Hi everyone, I’m running train_new_from_iterator
on top of microsoft/unixcoder-base
tokenizer, which itself is a RobertaTokenizer to train the tokenizer (it’s a BPE tokenizer).
The problem is that the training is very slow.
The tokenizer training process takes ages to finish the Count pair
part.
At first, it shows it is able to count around 1M pairs out of 14M pairs in about 1 hour, but as it continues, it slows down.
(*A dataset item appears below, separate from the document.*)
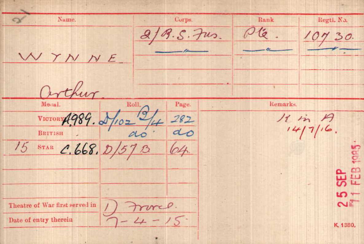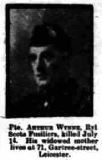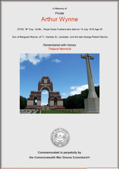 Born in Stafford in 1893, Son of Margaret Wynne, of 71, Gartree St., Leicester, and the late George Robert Wynne.
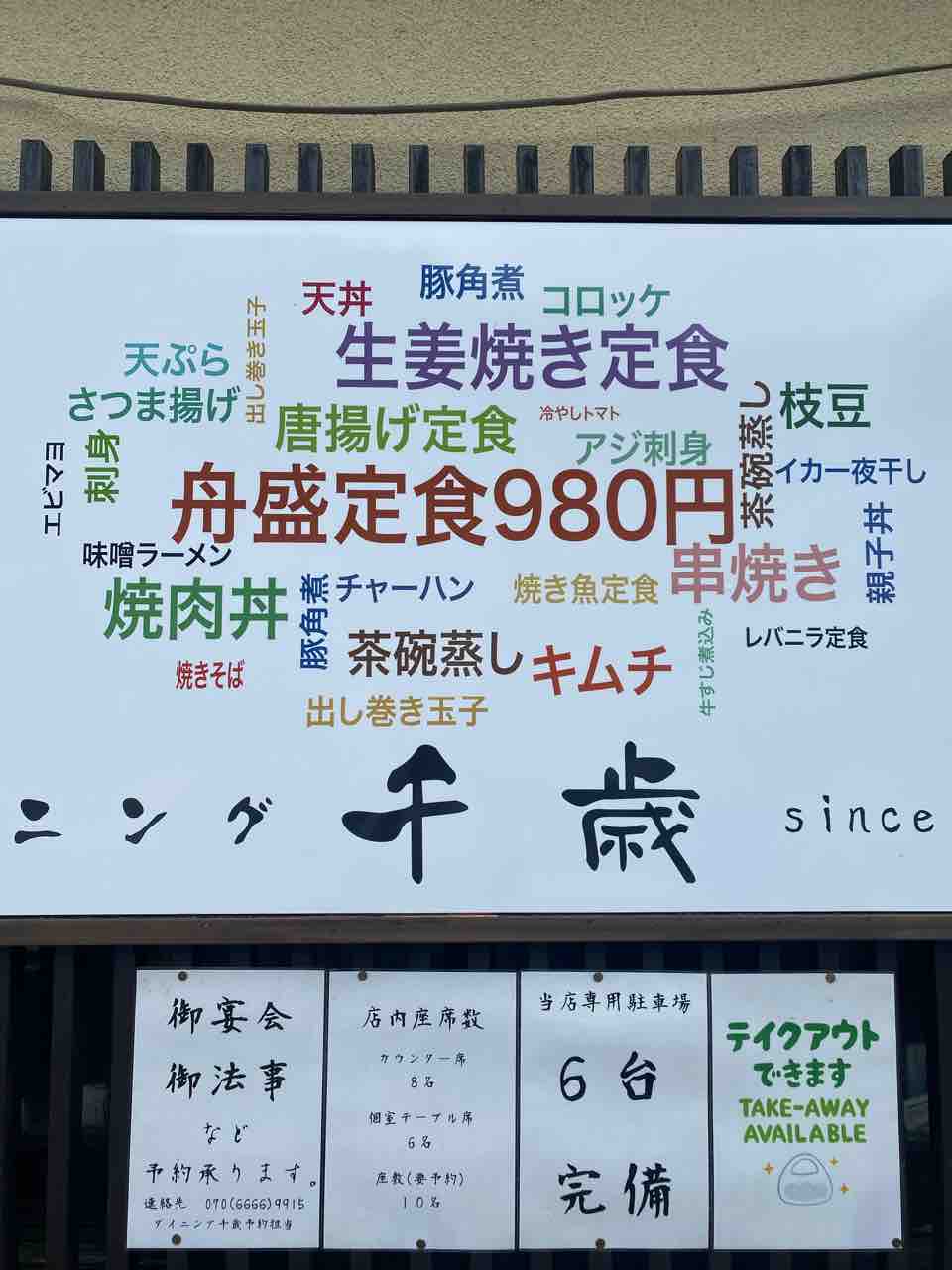 千歳川沿いガード下の近くにある「ダイニング千歳」舟盛定食980円!ピッカピカ綺麗なお刺身でした。 アジフライ定食何と大間のマグロが880円で食べられました✨写真を撮り忘れて途中から慌てて撮りました他の人がラーメン食べててそれもとても美味しそうで次回はラーメンと半チャーハンと心に決めている私です。(お店の裏に駐車場も有)

It’s now running for two days and only counted 9M pairs, and still, 5M pairs are left.
Is there any way to speed up the tokenizer training process?
Here is the code that I’m using for training the tokenizer:
from dataset import concatenate_datasets
def get_training_corpus(train_set):
for start_idx in range(0, len(train_set), 1000):
samples = train_set[start_idx: start_idx + 1000]
yield samples['text']
def train_tokenizer(tokenizer, datasets):
trainset = concatenate_datasets([dataset['train'] for dataset in datasets]).shuffle()
# remove non text columns
trainset = trainset.remove_columns([
col for col in trainset.column_names if col != "text"
])
training_corpus = get_training_corpus(train_set=trainset)
tokenizer = tokenizer.train_new_from_iterator(training_corpus, len(tokenizer))
return tokenizer
It seems like not all processors are being used for training the tokenizer. But I’m not sure what I can do to utilize all processors.
Any help is appreciated.